The whole listing, exactly as given: write it out, leaving out each image.

Data excerpt.
======
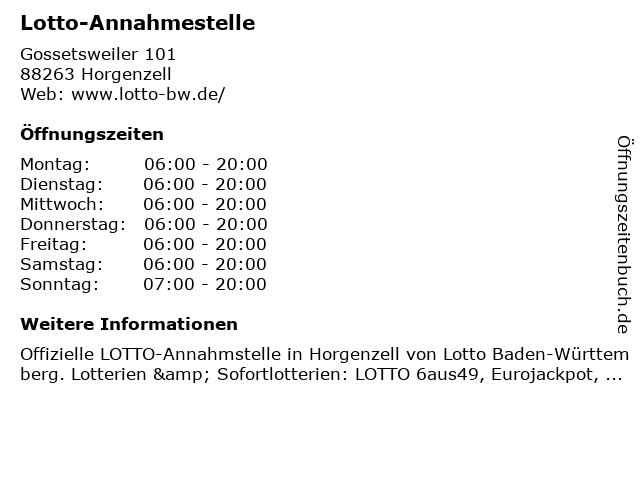 | Öffnungszeiten Lotto-Annahmestelle in Horgenzell anzeigen | |
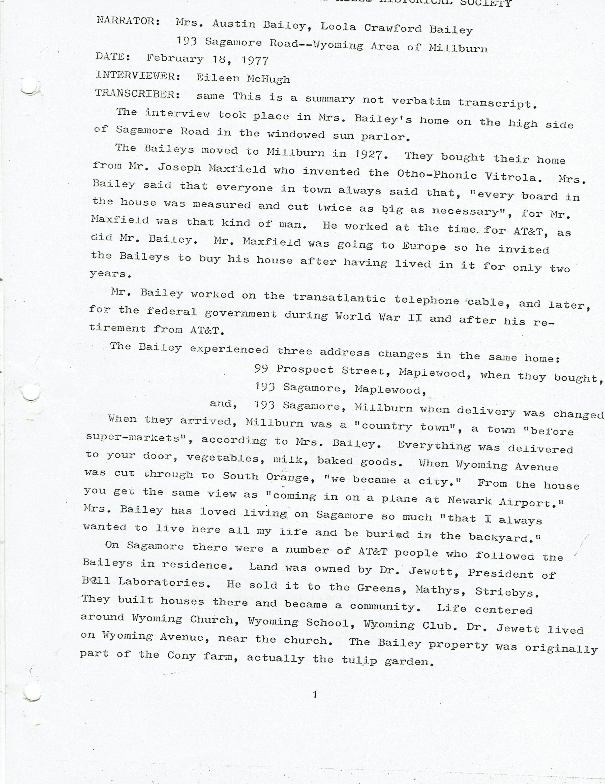 Summary of interview of Mrs. Austin Bailey (Leola Crawford Bailey) of 193 Sagamore Road undertaken by Eileen McHugh on February 18, 1977. 2 pp. transcribed.
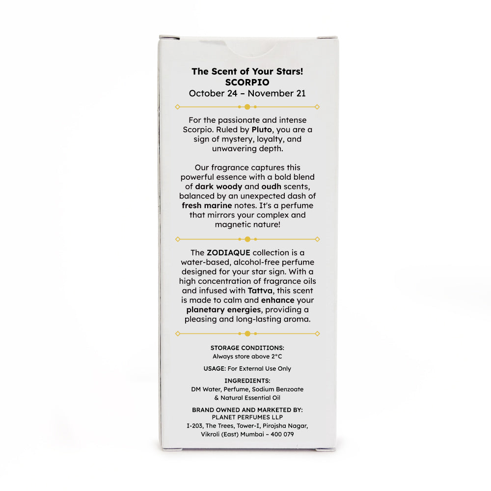 Passionate, intense, and fearlessly loyal, Scorpions experience life in emotional extremes. Zodiaque Scorpio channels this depth into scent, moving through dark, woody warmth and oud notes, contrasted by an unexpected marine freshness, bringing in a certain steadiness when emotions feel deeply stirred.
======
Written solution.
 | Öffnungszeiten Lotto-Annahmestelle in Horgenzell anzeigen | |
 Summary of interview of Mrs. Austin Bailey (Leola Crawford Bailey) of 193 Sagamore Road undertaken by Eileen McHugh on February 18, 1977. 2 pp. transcribed.
 Passionate, intense, and fearlessly loyal, Scorpions experience life in emotional extremes. Zodiaque Scorpio channels this depth into scent, moving through dark, woody warmth and oud notes, contrasted by an unexpected marine freshness, bringing in a certain steadiness when emotions feel deeply stirred.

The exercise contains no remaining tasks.